Monday, 9 January 2012

ASP.NET session hijacking with Google and ELMAH

Monday, 9 January 2012

I love ELMAH – this is one those libraries which is both beautiful in its simplicity yet powerful in what it allows you to do. Combine the power of ELMAH with the convenience of NuGet and you can be up and running with absolutely invaluable error logging and handling in literally a couple of minutes.

Yet, as the old adage goes, with great power comes great responsibility and if you’re not responsible with how you implement ELMAH, you’re also only a couple of minutes away from making session hijacking of your ASP.NET app – and many other exploits – very, very easy. What’s more, vulnerable apps are only a simple Google search away. Let me demonstrate.

Update: I want to make it clear right up front that the out of the box ELMAH configuration does not make any of what you’re about to read possible. It’s only when ELMAH is configured to expose logs remotely and not properly secured that things go wrong.

The ELMAH value proposition

Some background first; ELMAH is the Error Logging Modules and Handlers written by the very clever Atif Aziz and it’s very popular. How popular? It’s presently the 14th most downloaded package on NuGet:

ELMAH visible in NuGet via Visual Studio

What this means is that at the time of writing, there have been 42,429 downloads of the library.
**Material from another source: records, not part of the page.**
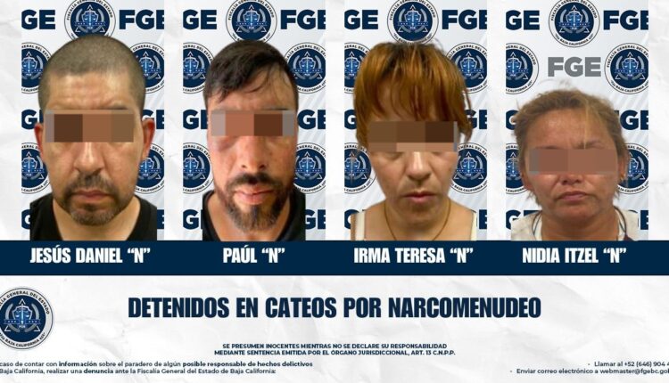 PLAYAS DE ROSARITO, BAJA CALIFORNIA, A 24 DE SEPTIEMBRE DE 2025.- Cuatro personas fueron detenidas por agentes de la Fiscalía General del Estado, tras la realización de tres cateos en los que se localizaron distintas cantidades de droga.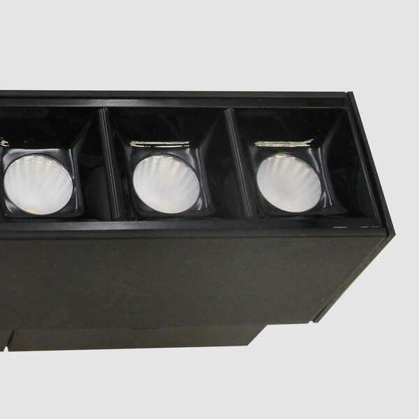 DARK LIGHT MAGNET е магнитен LED модул с монтаж към магнитен профил, подходяща за търговски обекти, домове, хотели, офиси и други помещения. Модулните LED осветители, които се монтират навсякъде по дължината на захранващата релса, за да акцентират над обектите на осветяване. Допълнително удобство на този тип осветителни системи е захранването (DC48V), което преминава през цялата дължина на релсата, дори при наличието на ъгъл. Предимство на системата е, че осветителите имат висок светлинен добив без заслепяване, което ги прави изключително подходящи за търговски обекти, за да експонирате стоката с насочената светлина, без тя да попада в очите на клиентите. Когато настъпи нужда от модернизиране на системата, могат да се заменят само лампите. Изключително високият коефициент на цветоразпределeние CRI – Ra 90, прави осветителното тяло подходящо за магазини, хотели, заведения и други, а цветната температура – 3000К допринася за уюта в дома.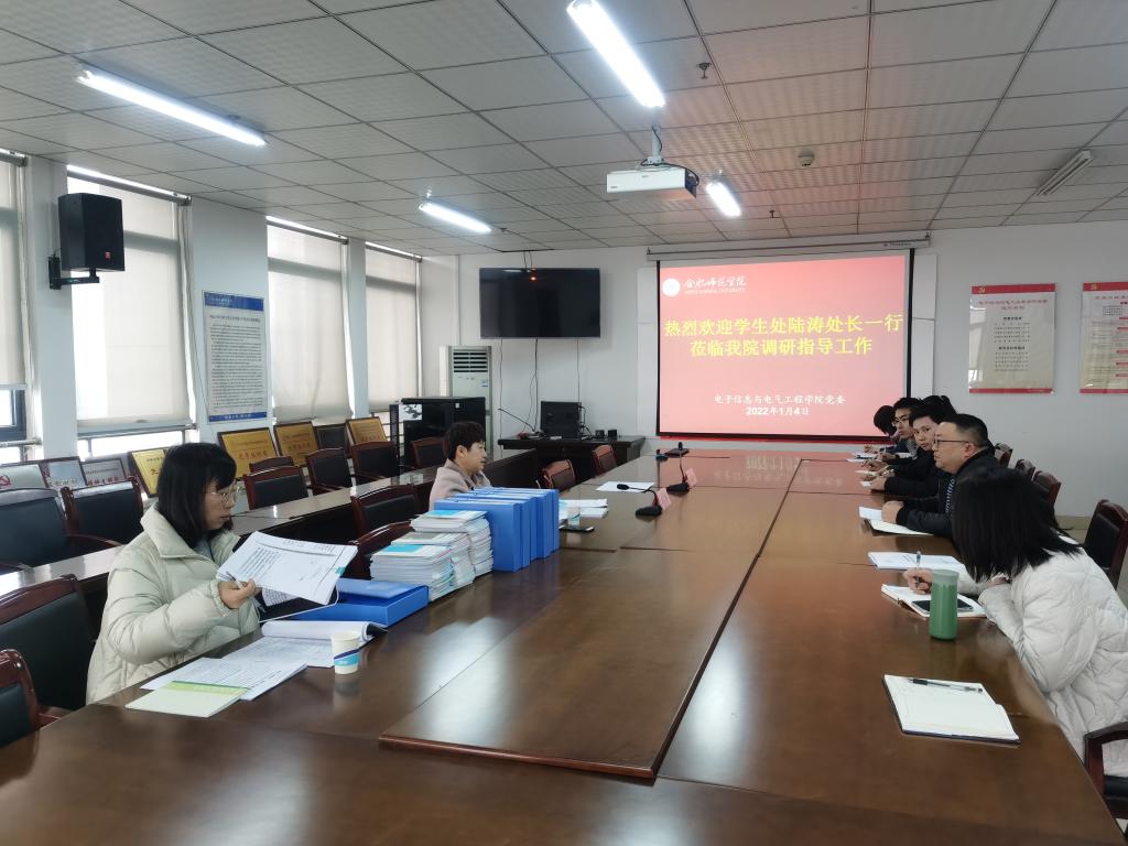 本网讯 1月4日上午,校党史学习教育第六巡回指导组组长、学生工作处处长陆涛一行来电子信息与电气工程学院调研指导,围绕年度党建重点任务专项工作落实情况,通过召开座谈会、查阅资料、现场询问、实地走访等形式督导检查学院党史学习教育开展和辅导员“深入学生”工作等情况。学院党政领导班子、全体辅导员参会。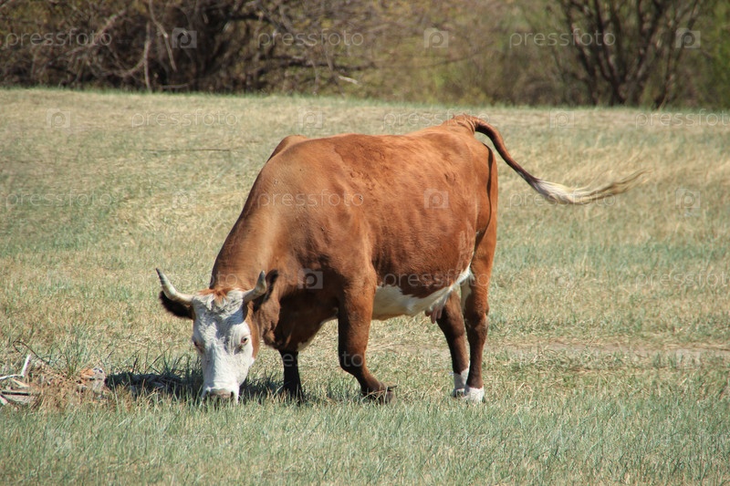 Корова пасется на лугу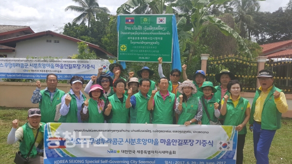세종특별자치시새마을회 (회장 김은기)는 지난 19일부터 23일까지 3박5일 일정으로 관내 읍면동 지역, 부녀,문고 회장등 19명이 참여하여 라오스 시븐흐앙 마을안길포장 300m, 의류.학용품등을 지원했다.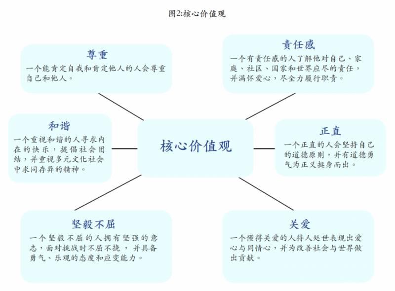 它的六大核心价值观是:尊重、责任感、坚毅不屈、正直、关爱、和谐。新加坡教育的这一重大转变,突出了品德教育的重要性。新加坡教育者、学生家长及社会普遍达成了共识,他们认为学生成绩固然重要,但成绩不是生命中唯一大事,在学校里,还有许多生活上的事物值得学习。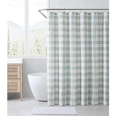 Eddie Bauer Shower Curtain, Lightweight Cotton Bathroom Decor, Buttonhole Top (Cabin Plaid Green, 72" x 72")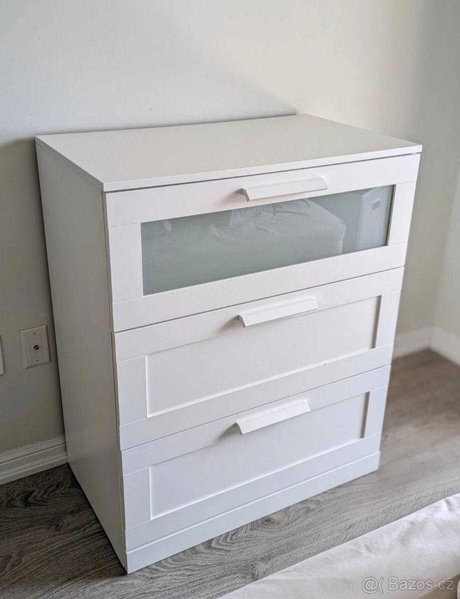 Prodám komodu IKEA BRIMNES se 3 zásuvkami, bílá/mléčné sklo v perfektním stavu, jako nova. Mám dvě stejné komody. Rozměry: šířka: 78cm, hloubka: 46cm, výška: 95cm. Je možnost dokoupit bílou šatní skříň a postel. Podívejte se na mé další inzeráty. K vyzvednutí Rostoklaty, vedle Uval. Můžeme se domluvit i na dopravě po Praze a okolí.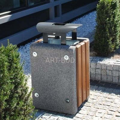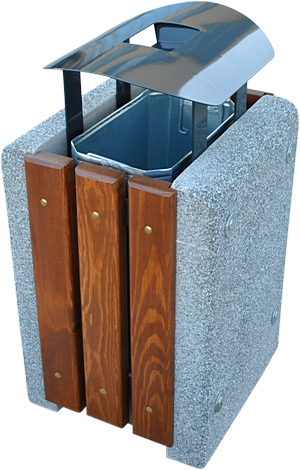 Kosz betonowo drewniany czworokątny z daszkiem i wkładem metalowym 50 l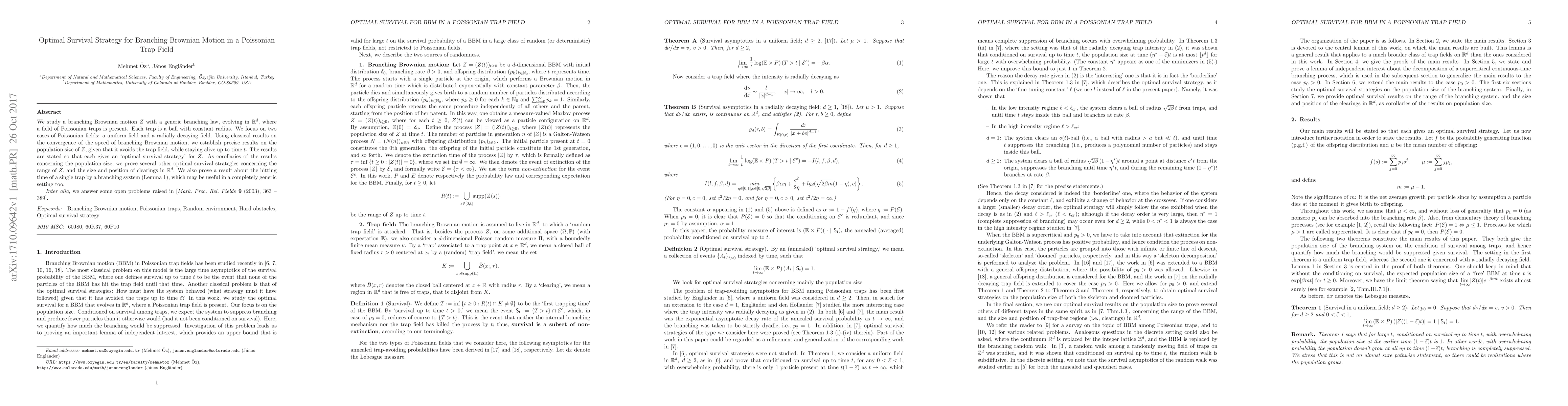 This paper investigates the optimal survival strategy for branching Brownian motion in a Poissonian trap field, focusing on two trap field configurations: uniform and radially decaying. It establishes precise results on population size, range, and clearings, providing optimal survival strategies and addressing open problems from previous research.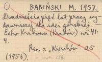 M. B. [BABIŃSKI Mieczysław] 1957 a Nowa tragedia w Tatrach. Dwóch alpinistów Tadeusz Korek i Jacek Bilczewski bagatelizując zasady asekuracji poniosło śmierć na stokach Mięguszowieckiego Szczytu.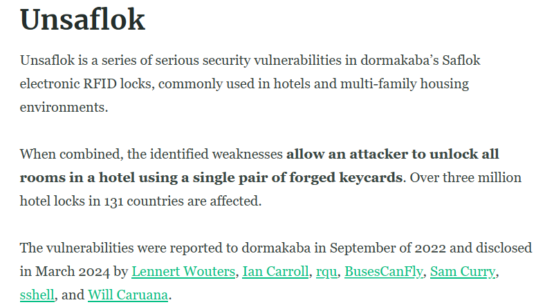 最近一份研究报告显示,在常用于酒店的dormakaba公司旗下的Saflok RFID电子锁中,存在着一系列严重安全漏洞,允许攻击者伪造门卡任意解锁使用该类电子锁的所有酒店房间。全球131个国家的300多万家酒店的门锁都受此影响。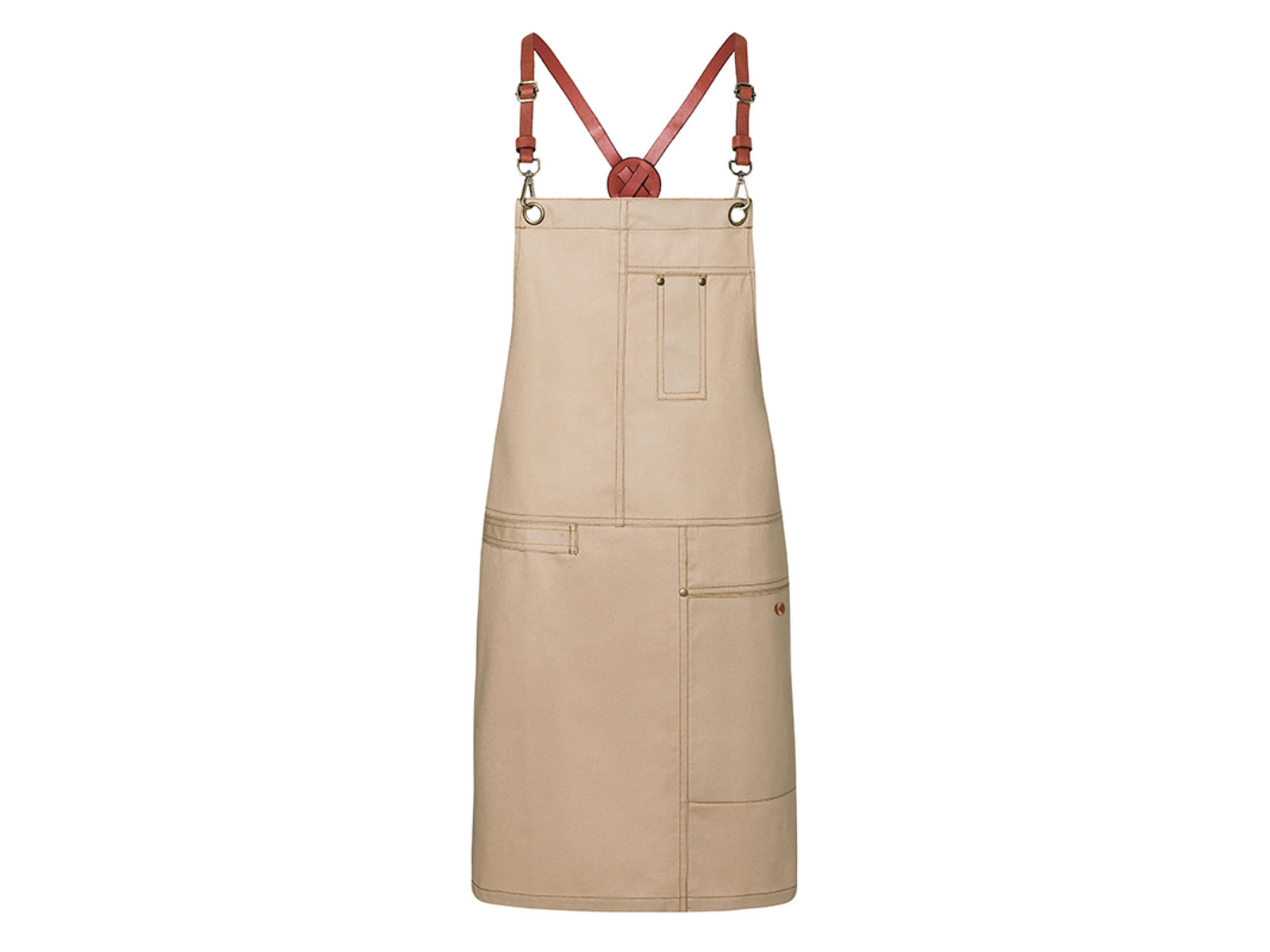 Dette sandfarvet forklæde med læderstrop fra Karlowsky kombinerer funktionalitet med rå æstetik. Med sine 68x80 cm dækker det effektivt arbejdsområdet, mens de aftagelige læderstropper giver et rustikt udtryk uden at gå på kompromis med komforten. Forklædet er fremstillet af 100% bomuld med en vægt på 273 g/m², hvilket sikrer en god holdbarhed i travle arbejdsmiljøer.
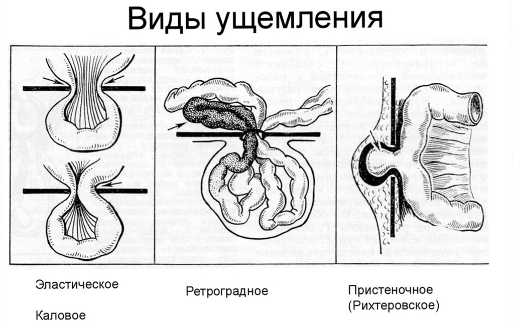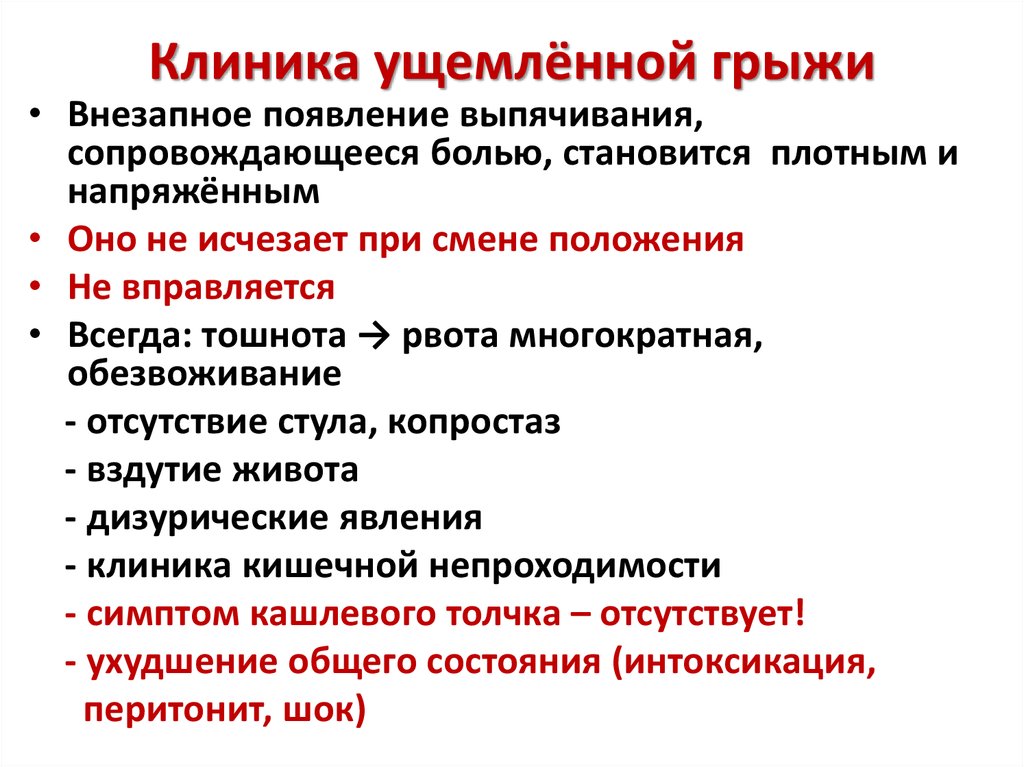Ущемляться могут грыжи любой величины. Ущемление малых грыж встречается реже и носит характер эластического. При больших грыжах ущемление, как правило, возникает по типу калового. Признаками ущемления, как и при грыжах другой локализации, являются внезапно возникшая боль в области грыжевого выпячивания и невправимость ранее вправляющейся грыжи. Следует иметь в виду, что больные могут не фиксировать внимание на болевых ощущениях в области грыжи, так как подобные боли, хотя и меньшей силы, часто наблюдались и раньше, поэтому необходимо выяснить характер и силу болей. При ущемлении кишечных петель развиваются симптомы острой кишечной непроходимости.

I suspect the popularity has a lot to do with how simple it is to implement. First of all, you can add ELMAH to your ASP.NET app without a recompile; it’s simply a matter of some web.config entries and including the ELMAH library.

Secondly, it’s very easy to log errors to a number of different persistent storage mechanisms including the default in-memory store and to SQL Server (among others) for a bit more longevity. Once the web.config is set up, it just happens automagically.

Thirdly, it’s very simple to configure ELMAH to fire you off an email when something goes wrong. There’s nothing like being able to actually contact a user with a “Hey, I see you were having a problem” message five minutes after they’ve had issues. People love that sort of proactivity!

Fourthly, it’s very easy to retrieve log entries, you just head off to the /elmah.axd path of the app which invokes a nice little handler to pull recent messages out of whatever repository you’re using.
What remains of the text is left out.